*WORK INSTRUCTION:* Include the line with "Смелый диалог фактур" and every line before it in the entries below, echoed exactly, but not the pictures.
= = = =
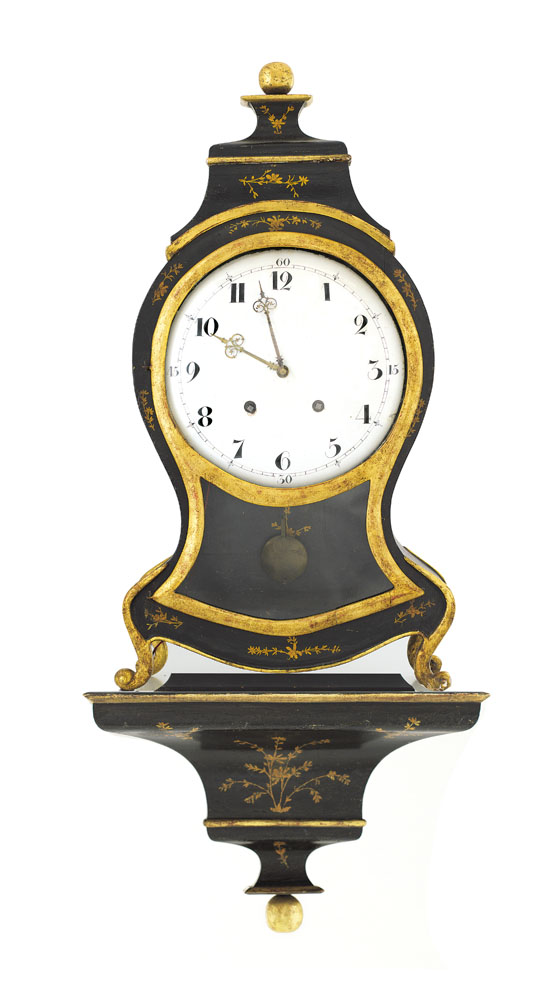 PENDOLA CARTEL IN LEGNO LACCATO E DORATO, ROBERT, FINE XVIII SECOLO, cassa sagomata con mensola e cappello cimati da sfera, quadrante smaltato con numeri arabi; restauri, sbeccature da revisionare.
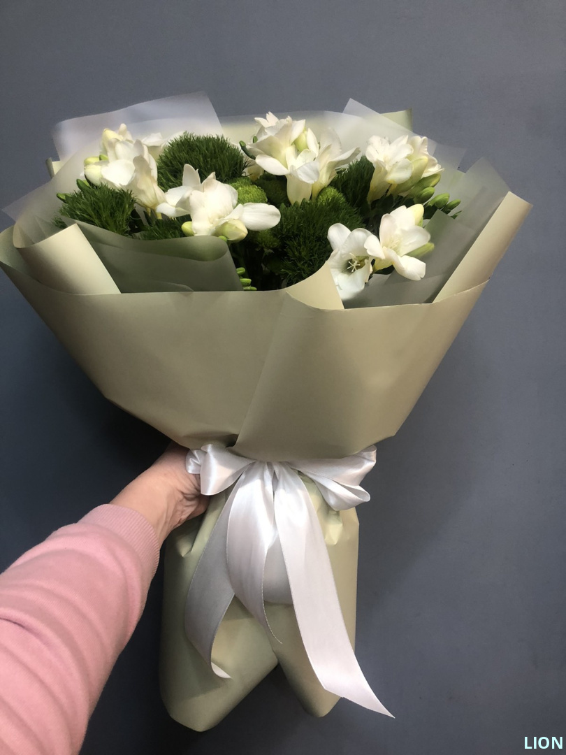 Смелый диалог фактур и оттенков! Нежные белые фрезии с изысканным ароматом, сочная гвоздика «Киви» и пышные зеленые хризантемы создают современную и графичную композицию. Этот букет — идеальный акцент для смелых решений, символ свежести чувств и индивидуального стиля. Выразите свои эмоции нестандартно.
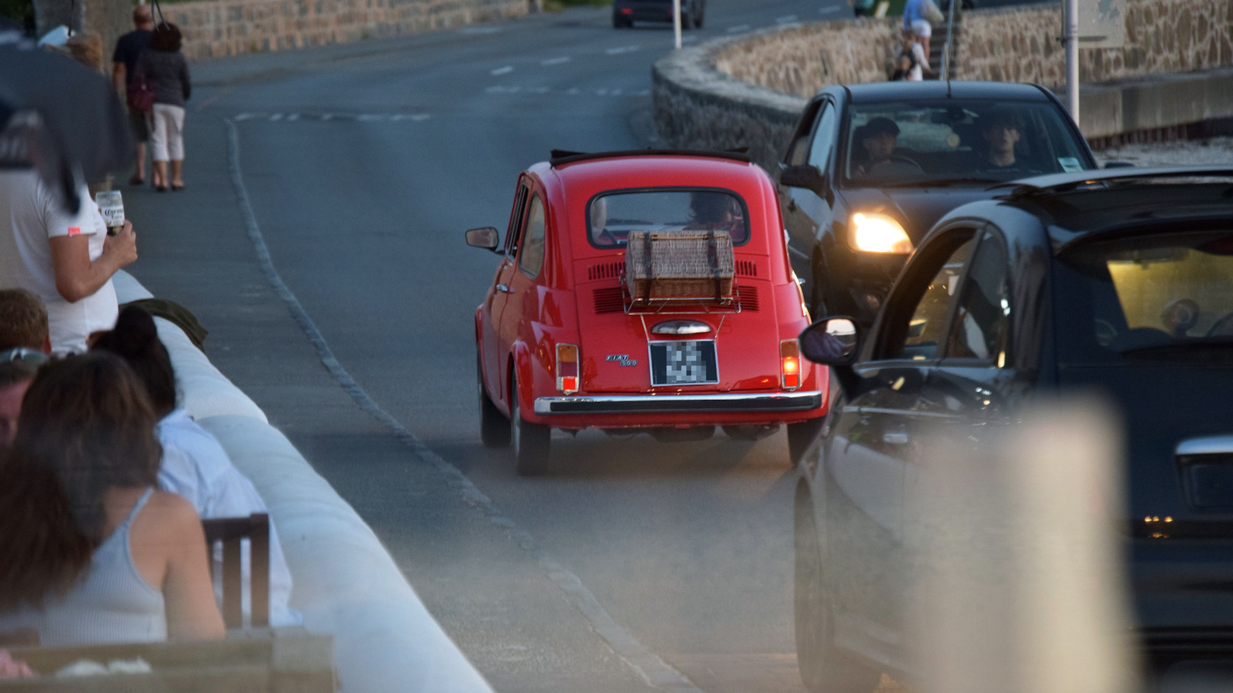 La strada che segue lungomare di Guernsey (ove possibile) e' lunga 63 km. A Cobo le auto si muovono lentamente, un po' per i bagnanti che attraversano la strada, un po' perché c’è un'atmosfera un po' californiana, molto rilassata. Direi che pare un'area per surfisti, se non fosse che non ci sono onde adatte; i falò e le feste in spiaggia, invece, ci sono ogni sera. E questa vecchia Cinquecento l'abbiamo vista più di una volta, dai tavoli dei ristoranti sul lungomare.
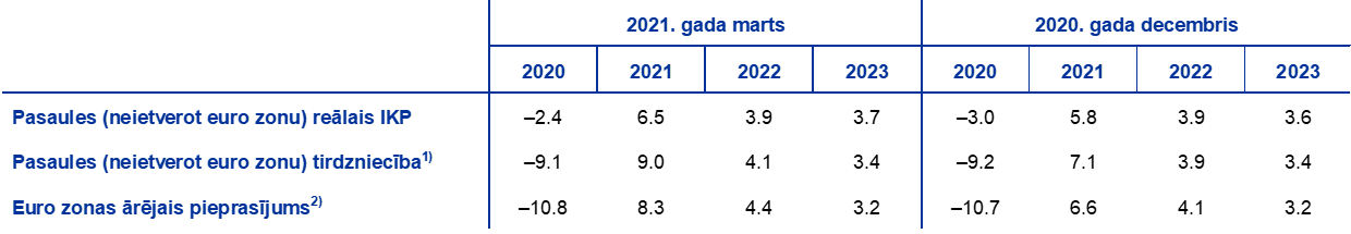 Pasaules (neietverot euro zonu) importa izaugsme 2021. gadam koriģēta un būtiski paaugstināta. Gaidāms, ka imports 2021. gadā pieaugs par 9.0% un pēc tam 2022. un 2023. gadā attiecīgi samazināsies par 4.1% un 3.4%. Salīdzinājumā ar 2020. gada decembra iespēju aplēsēm pasaules imports un īpaši euro zonas ārējais pieprasījums koriģēts un būtiski palielināts sakarā ar ES un Apvienotās Karalistes tirdzniecības vienošanos un – mazākā mērā – spēcīgākas attīstīto valstu atveseļošanās prognozēm. Tādējādi paredzams, ka euro zonas ārējais pieprasījums šogad pieaugs par 8.3% un pēc tam 2022. un 2023. gadā palielināsies attiecīgi līdz 4.4% un 3.2%, kā rezultātā 2021. gadā tiks veikta būtiska augšupvērsta korekcija un 2022. gadā – mazāka korekcija.
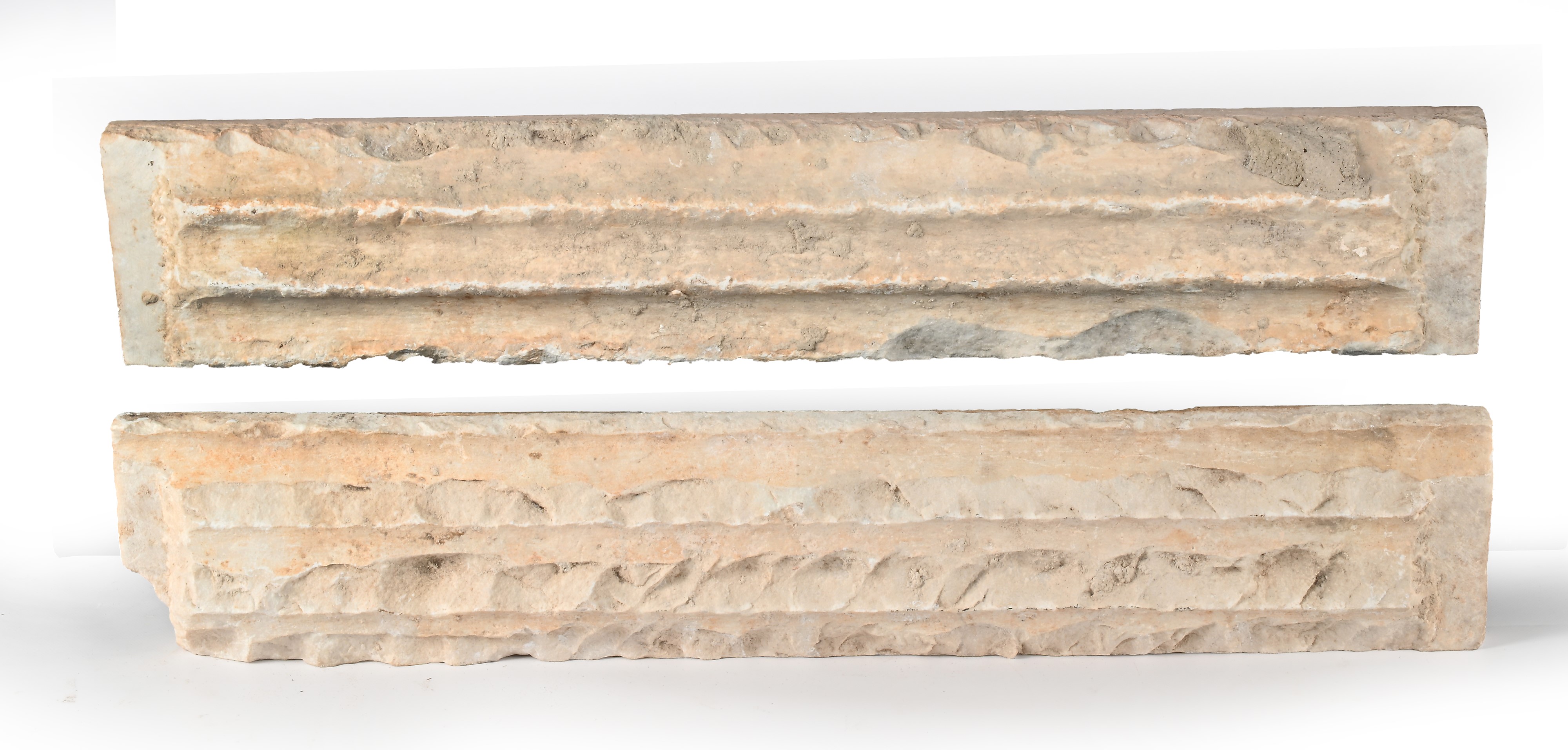 Due antiche lesene in marmo bianco con intarsi cosmateschi
= = = =
*TASK SOLUTION:*
 PENDOLA CARTEL IN LEGNO LACCATO E DORATO, ROBERT, FINE XVIII SECOLO, cassa sagomata con mensola e cappello cimati da sfera, quadrante smaltato con numeri arabi; restauri, sbeccature da revisionare.
 Смелый диалог фактур и оттенков! Нежные белые фрезии с изысканным ароматом, сочная гвоздика «Киви» и пышные зеленые хризантемы создают современную и графичную композицию. Этот букет — идеальный акцент для смелых решений, символ свежести чувств и индивидуального стиля. Выразите свои эмоции нестандартно.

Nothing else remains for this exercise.